I think that everything from performance
under Check Items and Scales sould also have a place in such a package.
There are also a number of functions for data prep in general that might have a place in such a package? I like the idea of an easydata
package ^_^
parameters
:check_heterogeneity()
demean()
| Compute group-meaned and de-meaned variablesrescale_weights()
| Rescale design weights for multilevel analysisdata_partition()
| Partition data into a test and a training setconvert_data_to_numeric()
data_to_numeric()
| Convert data to numeric
effectsize
:adjust()
| Adjust data for the effect of other variable(s)change_scale()
| Rescale a numeric variablenormalize()
| Normalizationranktransform()
| (Signed) rank transformation
from easystats.
@strengejacke I really like the idea of a data reduction package. My two cents: from FA, PCA, and clustering, to other data reduction techniques, e.g., autoencoders and multidimensional scaling, more and more people are incorporating data reduction into their broader research projects these days as people are dealing with bigger and bigger data. Further, in the parametric world, techniques like regularization are also useful in reducing the complexity of some feature space. So I think a package dedicated to data reduction is a good idea, however, we would need to have a very clear philosophy underlying the package, as there are so many ways to conceptualize and thus implement data reduction.
from easystats.
ok, I see your point. bayestestR has for historical reasons the trailing upper case R, but in general, I think that dataprep would fit better into the "package naming conventions" than dataprepR. Furthermore, prepR sounds similar to prepper, which has a touch of conspiracy theories ;-)
from easystats.
Yeah, moving functions form performance and parameters that are related to PCA/FA/Cluster Analysis/Items/Scales and related checks into an own package makes sense, indeed.
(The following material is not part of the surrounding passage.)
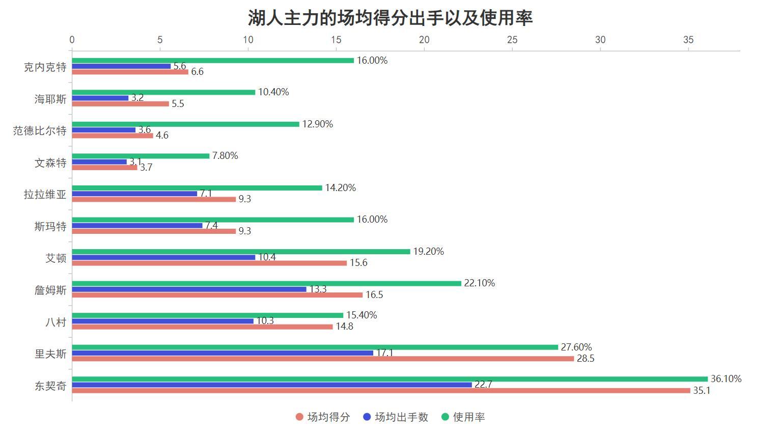 在湖人的主力球員中,裏夫斯的場均得分、出手數以及使用率均位於第二高僅次於東契奇,這意味着他獲得了全隊第二多的出手機會並且有着第二高的得分貢獻,從進攻體系來看他已經是穩穩的第二進攻核心了,而他本賽季的強勢不僅僅是基礎數據那樣簡單。

Now we need a name for that package...
from easystats.
we could also put there some of the functions to simulate data, that are currently in bayestestR and modelbased.
As for the name...
"easydata", "data", "datamanip", "datacleaner", "datacleanR", ...
We can scope it as "the package to clean, manipulate, transform, summarise or reduce your data"
from easystats.
I'm thinking in terms of "analysis type". Thus, "item analysis" etc. are these PCA/FA/Cluster functions, which are not regression models, but rather "summarise" or "reduce" the data somehow, and can go into an own package - however, I would focus on these functions, and not necessarily include data cleaning functions in such a package as well. What do you say?
I would also argue that very focused data preparation like demean()
or rescale_weight()
are so connected to regression modelling, that I would consider this as "tool" functions in the related package(s), rather than going into an own "data preparation" package, but here it might make sense to generally collect data preparation functions in an own package.
So, one or two packages? And, which name(s)?
from easystats.
I see what you mean, you would divide it like "item analysis" vs. "regression analysis"? For me it's more like based on the main input. For instance most of our other packages take in a model and work on it. But there are also functions that take data in (or out) and that really work on the "data level".
At the same time, I am worried that two packages would spread the butter too much (and we'll become our own dependency nightmare). Also data preparation (i.e., for regression), reduction (PCA), summary (potentially clustering stuff), structure exploration (FA, cluster) are kind of about data so it fits within a data-oriented package. Same for demean(), even though its scope is a bit narrower. I'm not sure about rescale_weight() but then I mean if there are a few exceptions for now I'd say it's okay.
"easydata", "dataprep", datacleaner", "datacleanR", "datawork", "dataworker"...
from easystats.
For me it's more like based on the main input. For instance most of our other packages take in a model and work on it. But there are also functions that take data in (or out) and that really work on the "data level".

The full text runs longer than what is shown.